#  > 【月之花海】獸迷、毛毛、Furry討論區 >  > 龍族的天空 >  > [遊戲] 最新數碼寶貝(怪獸對打機) 龍族版

## 雷德托爾

這是日本最新型的怪獸對打機



為了怪獸對打機10週年紀念

而重製最早第一代外型而做的



這台真的超小 我看過實體

大概只有第一代怪獸對打機的二分之ㄧ大

功能比舊版還多


這版還有故事背景呢

事件是數碼寶貝世界裡的四聖獸

因為某種原因出現暴走狀態



竟而影響到數碼寶貝之間的種族對立

使數碼寶貝分成 獸族(解放軍)與龍族(革命軍)之間的對抗



然而 卻有幾位究級體的獸與龍們 

他們為了挽救這個紛爭

攜手合作 為了讓數碼寶貝世界重回和平



所以

玩家們扮演的角色

就是為了培育出能讓數碼寶貝世界重回和平的數碼寶貝

或是加入某ㄧ陣營 對抗敵方陣營


以上並非確實翻譯 而是依照我個龍觀點翻過來的

(看不懂日文 囧)

如果有看得懂日文的高手歡迎幫忙翻譯~

以下是最新數碼寶貝世界觀官網:
http://www.digimon.channel.or.jp/

怪獸對打機10周年版官網:
http://www.digimon.channel.or.jp/digimontwin/index.html


以下是在官網找的的ㄧ些小圖XD






然而~

今天我來分享一些很帥的龍族數碼寶貝圖案

這是龍族版怪獸對打機(上面的則是獸族版)



這隻是龍族版怪獸對打機的主角龍之ㄧ

可能也是數碼寶貝中 第一隻有龍模龍樣的數碼寶貝

進化型態有分兩種

(成長期)


(成熟期-綠)


(完全體-綠)


(成熟期-藍)


(完全體-藍)


(究級體)


(究級體)


簡單講...

這隻帥翻啦~XD


還有亞古獸也是主角龍之ㄧ喔

(成長期)


(成熟期)


(完全體)


(究級體)


(究級體)


上面這是新的戰鬥暴龍獸模樣 比X進化系列還帥00~


還有一些龍族

不過是挑比較新的來分享


X-黑暗戰鬥暴龍獸


X-鋼鐵海龍獸







另外附上圖鑑網址 (會更新)

http://www.digimon.channel.or.jp/cat...dex-level.html

真希望台灣能再讓數碼寶貝風熱起來~

----------


## 狼佐

真令人懷念!!

想當初..(喂"

在校園人手一台，走廊上碰到就打起來了XD

我還記得當時我有一台雷德貼的第一代外形左邊那台，進化出邪龍獸的時候超興奮啦!!

後來還有另外一台五代黑色金按鈕版，究極體養出那時候初代數碼寶貝黑暗四大天王的期中一之，全身是鋼的龍，突然想不起名字"

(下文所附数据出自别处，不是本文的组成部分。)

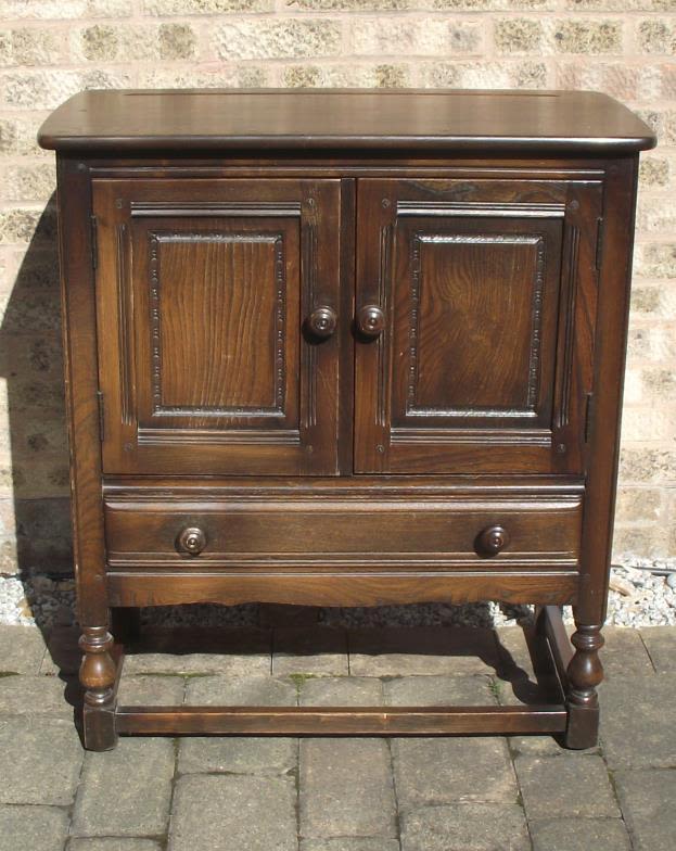 Small Ercol colonial 2 door cupboard with draw below Height 87 cm x 79 cm x 42 cm approx.

畫風還是這麼討喜，看到亞古獸的進化似乎改了不少，我覺得以前的看了比較有感覺(?

鋼鐵加魯魯好久不見耶耶耶(噴

期待台灣可以再掀起一波怪獸對打機風潮囉^^

----------


## CYBER

我想你指的是這個XD
ムゲンドラモン 用版主給的圖鑑網頁用CTRL+F搜尋看看
四天王之一XD
不過我也忘記他的名字的說
按照這日文來看應該可以翻譯作「無限龍獸」
但是小時候印象台譯不是這名字

亞古獸進化系列我也有很大的興趣+w+
完全體~機械暴龍獸嗎?
從勁力三叉爪(為何只記得他這個只用過一次的絕招名字|||)
變成巨砲了 木蘭飛彈也沒了?(打飛

究級體有兩種，不是戰鬥暴龍獸?
傻龍暫時翻譯為光耀(SHINE)暴龍獸和勝利(VICTORY)暴龍獸
後者興趣比較大ˊˇˋ 肌肉(!?)龍人大好~

除此之外還有黑暗戰鬥暴龍獸呢...
最近的數碼寶貝特別喜歡拿劍XD?(何

----------


## 雷德托爾

TO狼佐

其實我現在上大學還看到有人在玩耶XDD

大家一看到還會熱烈討論年輕時(?)所養過數碼寶貝咧XD

還有你提到的那隻台譯叫"無限威力獸" (記得好清楚00")

(其實我是數碼寶貝大師XDDD)

TO CYBER

機械暴龍獸比以前帥很多~~

(雖然我很喜歡以前肥肥的模樣XD)

恩~因為台灣還沒撥出05版的數碼寶貝 

所以還不知道他的台譯是啥

不過好像是這樣翻沒錯

亞古獸的進化型態是05的進化模樣

但是到最頂階究級體時(就是那隻扛著大劍的)

是新版戰鬥暴龍獸的模樣(在最新版數碼寶貝漫畫中出現過)

----------


## tsume

對打機阿~
挺懷念的
小學四年級的回憶~(炸

X系列的數碼獸都超帥的啦!!
X化的鋼鐵加魯魯還能用兩腳站立~(心

05代也很讚
像上面貼的那隻亞古就是05版的
不過究極體不一樣@@~

----------


## 龍龍

怪獸對打機呀~懷念懷念~
記憶中~以前只有  養貓,養雞  而且都不能互動[就是是同款]

怪獸對打機~好像是第一個可以 對打+養成的電子雞[想還印象中]
[ 沒記錯嗎?!!!! ] [還可以進化!!!XD]

所以就買了蠻多台的~
目前好像還有~6台
台灣是沒出~可是在網拍上也可以買到~
目前有一台~就是在網拍買的~可以養那隻[橘黃武盔甲龍]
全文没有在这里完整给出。